When Is Debt A Problem?

Generally speaking, debt only becomes a real problem when a company can't easily pay it off, either by raising capital or with its own cash flow. Ultimately, if the company can't fulfill its legal obligations to repay debt, shareholders could walk away with nothing. However, a more usual (but still expensive) situation is where a company must dilute shareholders at a cheap share price simply to get debt under control. Of course, debt can be an important tool in businesses, particularly capital heavy businesses. The first thing to do when considering how much debt a business uses is to look at its cash and debt together.

Check out our latest analysis for Salasar Techno Engineering

What Is Salasar Techno Engineering's Debt?

As you can see below, Salasar Techno Engineering had ₹1.61b of debt at September 2020, down from ₹1.75b a year prior. On the flip side, it has ₹271.7m in cash leading to net debt of about ₹1.34b.

debt-equity-history-analysis
NSEI:SALASAR Debt to Equity History March 16th 2021

How Strong Is Salasar Techno Engineering's Balance Sheet?

We can see from the most recent balance sheet that Salasar Techno Engineering had liabilities of ₹2.39b falling due within a year, and liabilities of ₹101.4m due beyond that. On the other hand, it had cash of ₹271.7m and ₹2.22b worth of receivables due within a year. So its total liabilities are just about perfectly matched by its shorter-term, liquid assets.

This state of affairs indicates that Salasar Techno Engineering's balance sheet looks quite solid, as its total liabilities are just about equal to its liquid assets. So while it's hard to imagine that the ₹4.95b company is struggling for cash, we still think it's worth monitoring its balance sheet.

In order to size up a company's debt relative to its earnings, we calculate its net debt divided by its earnings before interest, tax, depreciation, and amortization (EBITDA) and its earnings before interest and tax (EBIT) divided by its interest expense (its interest cover). The advantage of this approach is that we take into account both the absolute quantum of debt (with net debt to EBITDA) and the actual interest expenses associated with that debt (with its interest cover ratio).

Salasar Techno Engineering's debt is 2.8 times its EBITDA, and its EBIT cover its interest expense 3.5 times over. This suggests that while the debt levels are significant, we'd stop short of calling them problematic. Even worse, Salasar Techno Engineering saw its EBIT tank 30% over the last 12 months. If earnings continue to follow that trajectory, paying off that debt load will be harder than convincing us to run a marathon in the rain. The balance sheet is clearly the area to focus on when you are analysing debt. But it is Salasar Techno Engineering's earnings that will influence how the balance sheet holds up in the future. So if you're keen to discover more about its earnings, it might be worth checking out this graph of its long term earnings trend.
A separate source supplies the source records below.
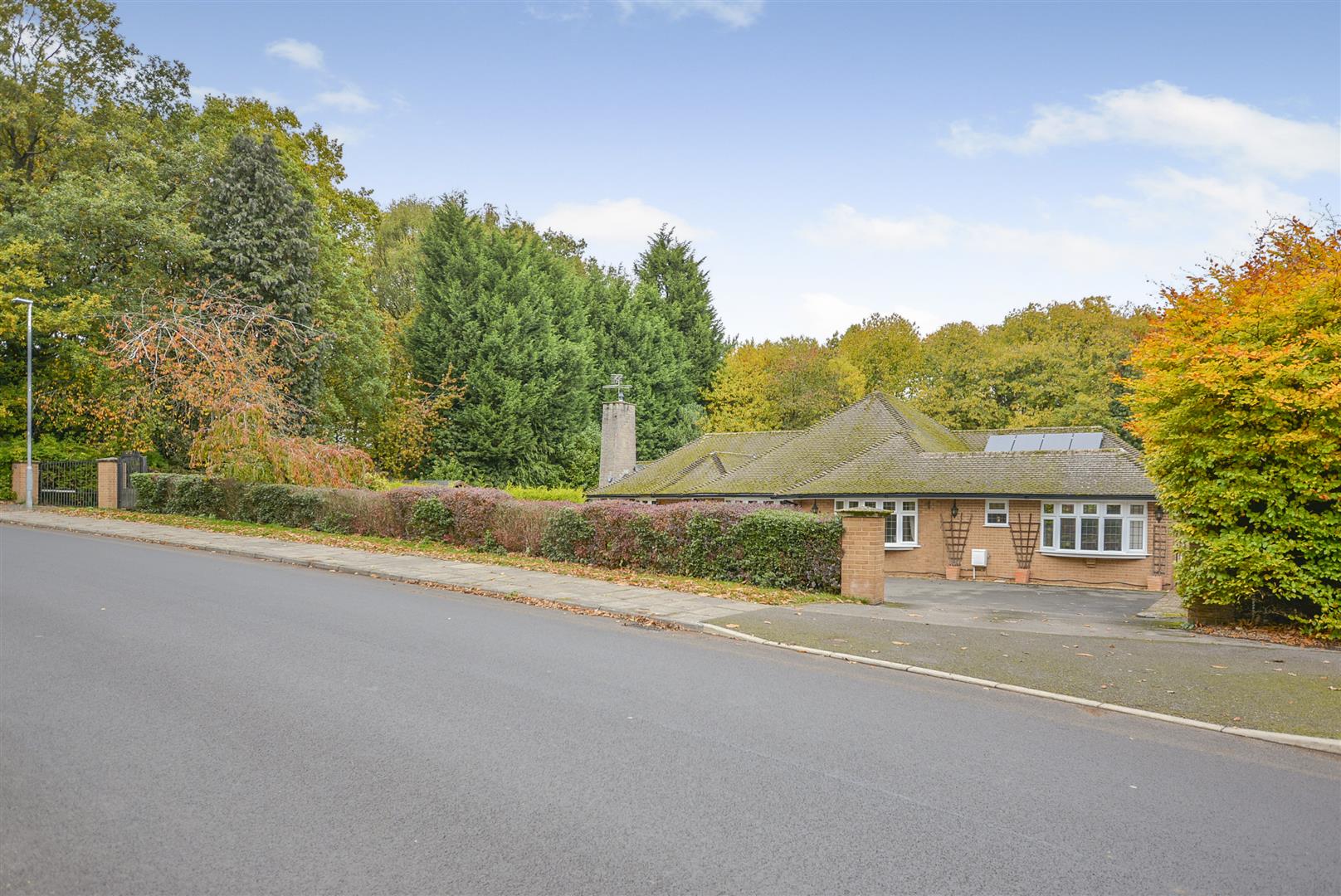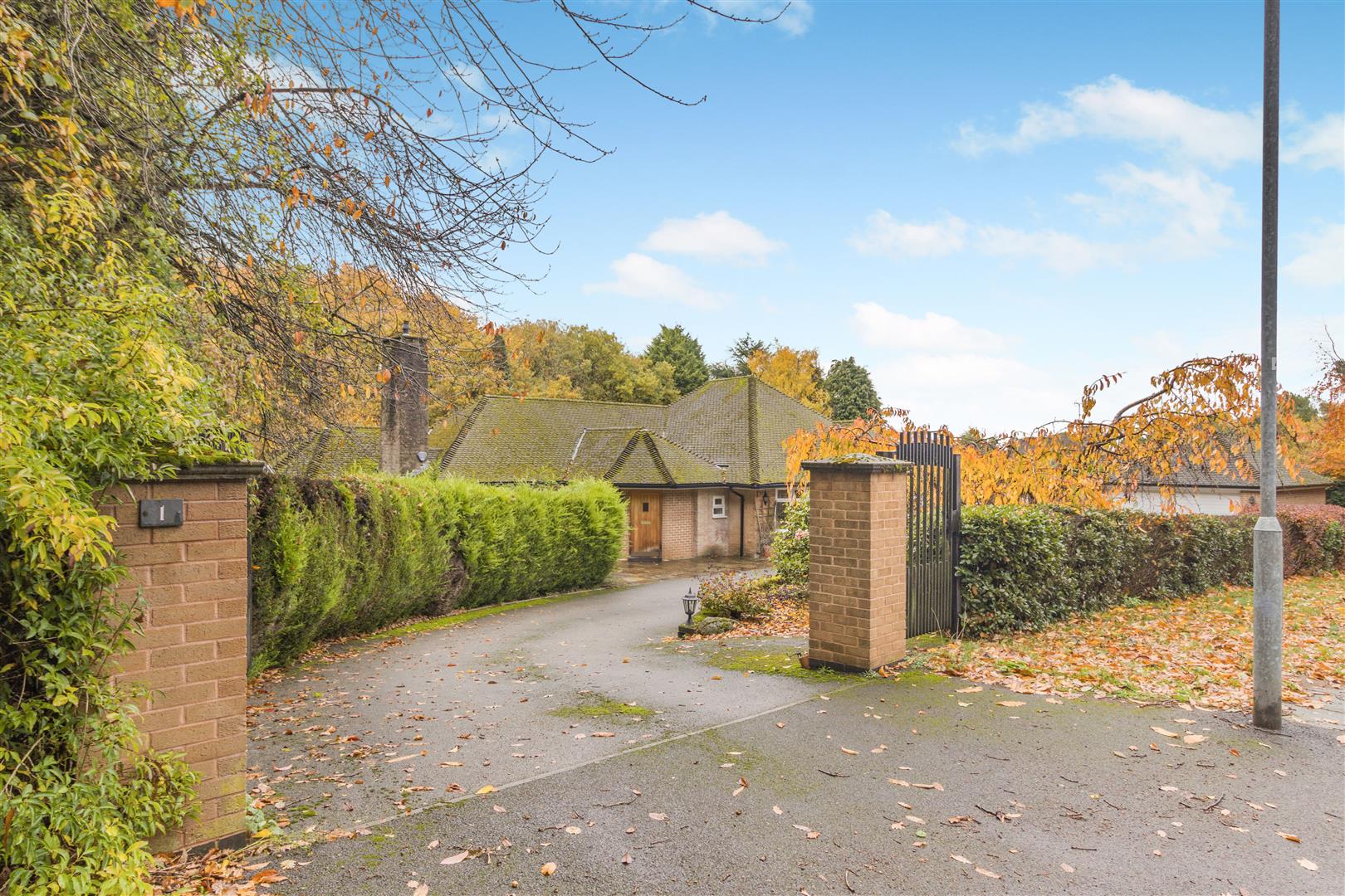 Outside - The property is positioned on North Park, an exclusive location in one of south Mansfield's most highly regarded addresses with a most delightful woodland backdrop bordering to Berry Hill Park. The property stands back from the road behind a hedgerow boundary frontage with double brick pillars at each end with one having a pedestrian gate and gated entrance opening to a substantial in-and-out tarmacadam driveway with turning space and off road parking for numerous vehicles. There is a low retaining stone wall boundary with a raised garden area above topped with driveway lighting. There is a large detached double garage with a remote controlled electric door and additional parking to the side which leads round behind the garage to a useful storage area with gate providing access to the side and rear of the property. There is a high walled boundary between the property and garage with a pedestrian gate opening to a large, south facing, private paved patio side garden area with further gate leading to a low maintenance gravel area with space to keep a shed or greenhouse. Beyond here, takes you to the rear garden which is completely private with extensive lawns, conifers and mature plants, shrubs and trees. There is an extensive patio which extends across the full width of the property with central seating area and a winding pathway leading to further seating area at the end of the garden. The garden enjoys wonderful privacy and a lovely backdrop of trees bordering to Berry Hill Park. To the other side of the property, there is a substantial, private patio on two levels with a low stone wall boundary with raised beds above and a high walled boundary and gate provides access to the front.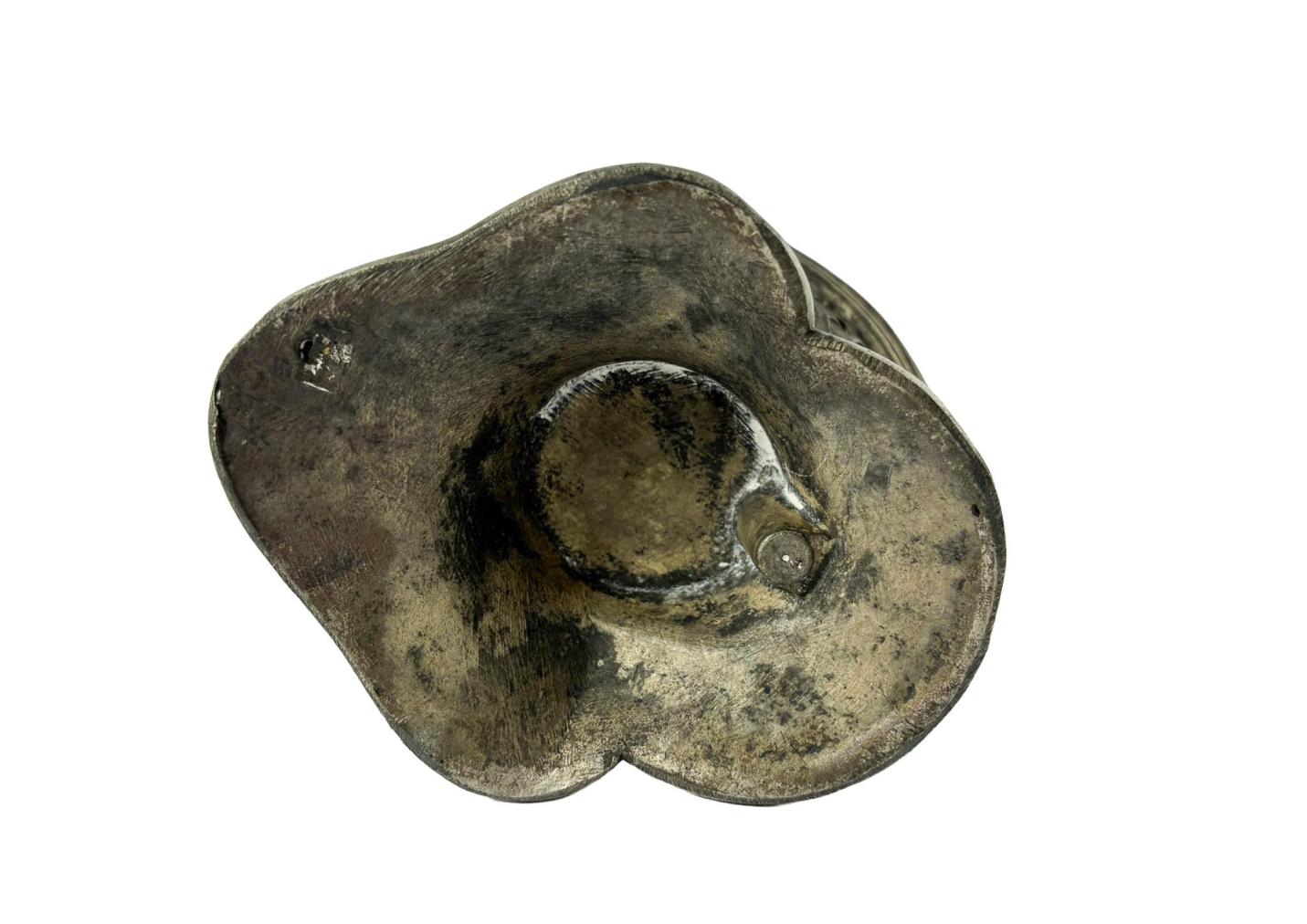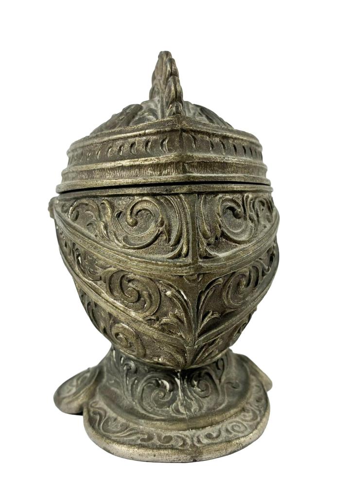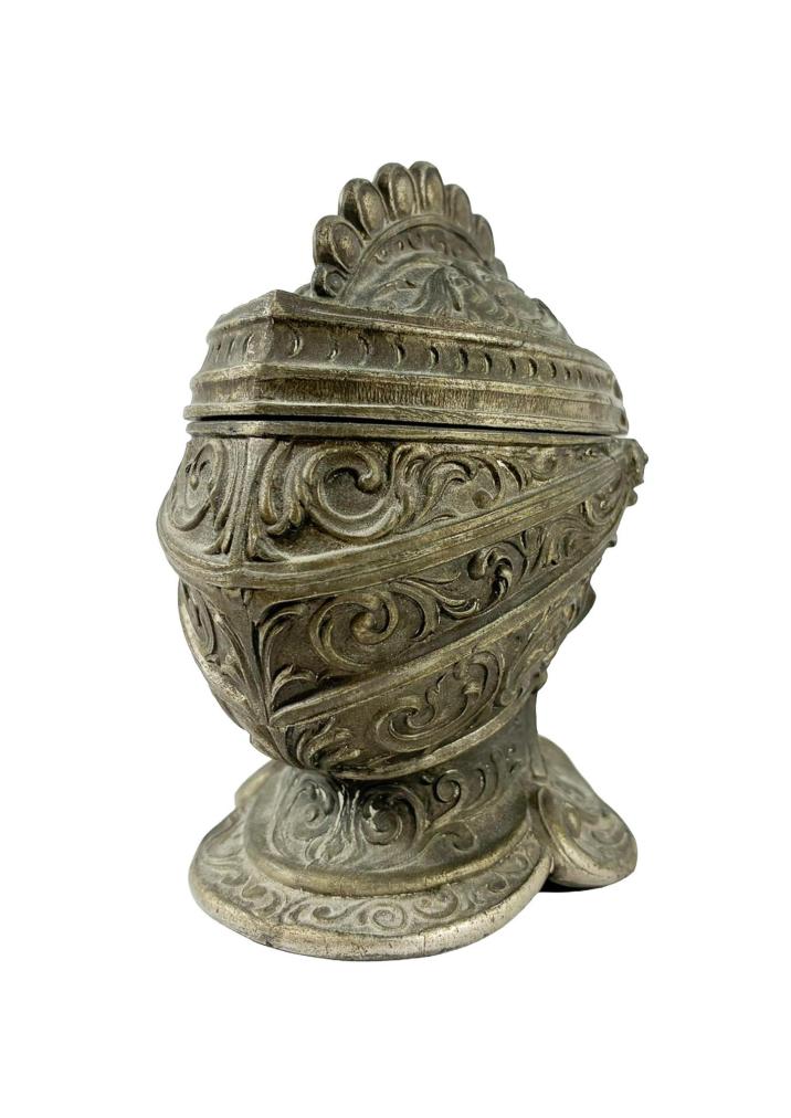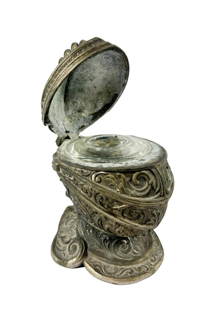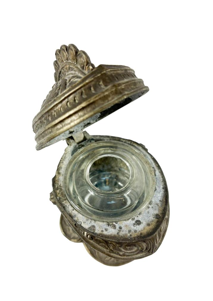 Originální kalamář ve tvaru rytířské helmy, kterou zdobí typické florální dekory. Výška 12 cm, v nejširším bodě 10 cm, podstava 9 x 7,5 cm, průměr skleněné nádoby na inkoust 6 cm, průměr otvoru 2,5 cm. Materál zinkocín.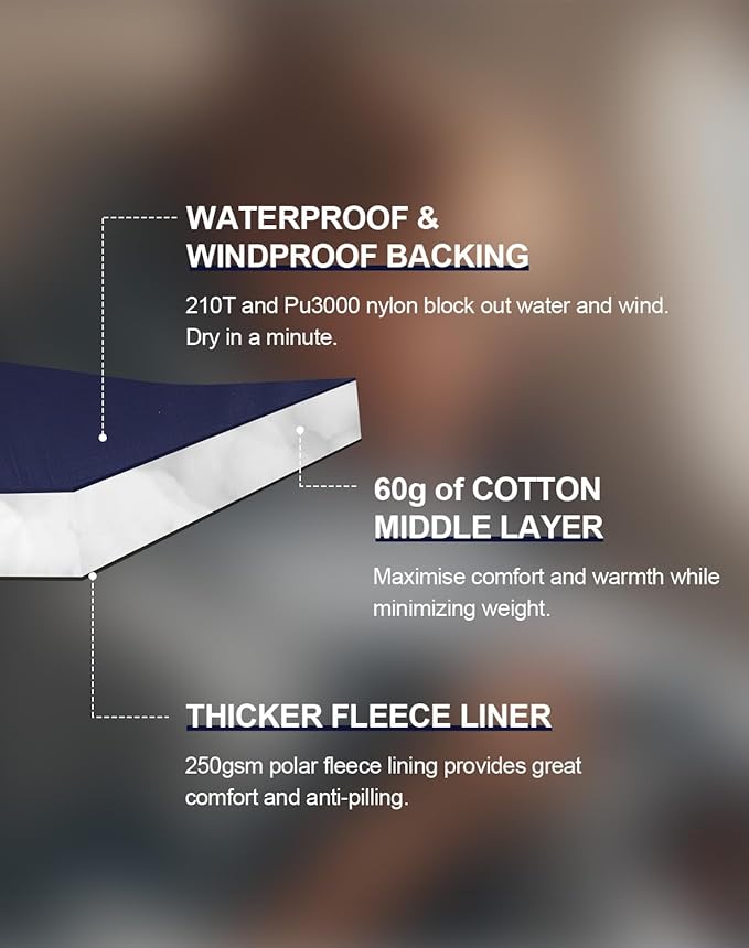 - Thick Warm Fleece - The 250gsm polar fleece lining provides great comfort, combined with 60g of cotton in the middle layer, the warmth is further enhanced. Skin-friendly and cozy, anti-pilling with repeated use and laundering.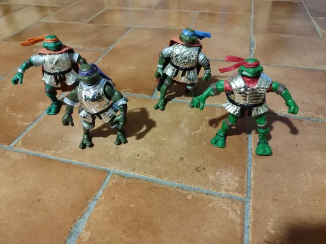 Set completo delle Tartarughe Ninja in versione cavalieri. - Personaggi con armature argentate. - Include tutti e quattro i personaggi.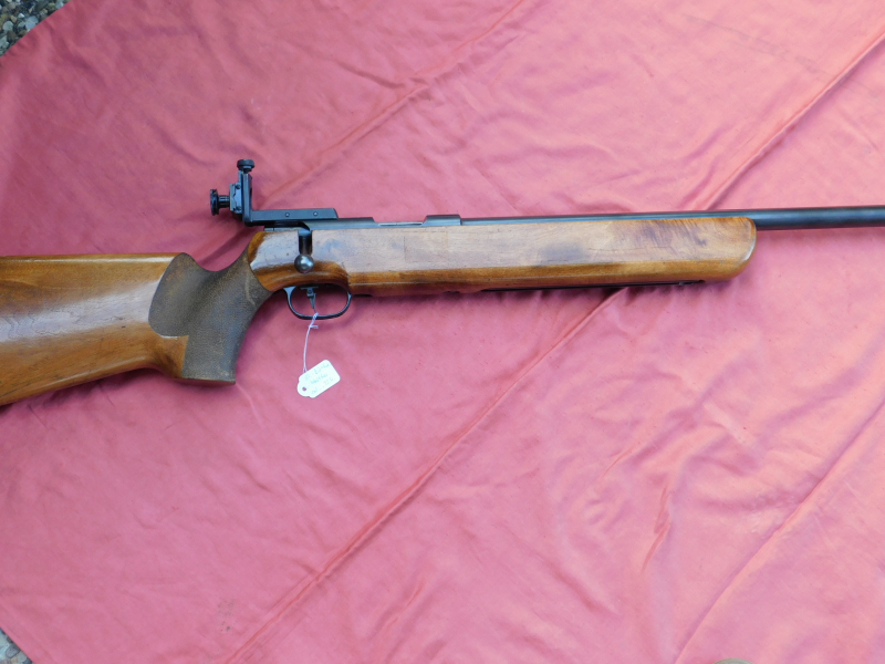 Walther, Einzellader KK Matchbüchse mit Diopter und Ringkorn, Kal. 22 Lr. Ringkorn ist verstellbar! Lauf innen spiegelblank und Profil scharf, gültiger Beschuss vorhanden, die Waffe hat für mich leichte Gebrauchsspuren.

Finally, while the tax-man may adore accounting profits, lenders only accept cold hard cash. So we always check how much of that EBIT is translated into free cash flow. Considering the last three years, Salasar Techno Engineering actually recorded a cash outflow, overall. Debt is far more risky for companies with unreliable free cash flow, so shareholders should be hoping that the past expenditure will produce free cash flow in the future.

Our View

To be frank both Salasar Techno Engineering's conversion of EBIT to free cash flow and its track record of (not) growing its EBIT make us rather uncomfortable with its debt levels. But at least it's pretty decent at staying on top of its total liabilities; that's encouraging. Looking at the balance sheet and taking into account all these factors, we do believe that debt is making Salasar Techno Engineering stock a bit risky. Some people like that sort of risk, but we're mindful of the potential pitfalls, so we'd probably prefer it carry less debt. When analysing debt levels, the balance sheet is the obvious place to start. But ultimately, every company can contain risks that exist outside of the balance sheet. Case in point: We've spotted 4 warning signs for Salasar Techno Engineering you should be aware of.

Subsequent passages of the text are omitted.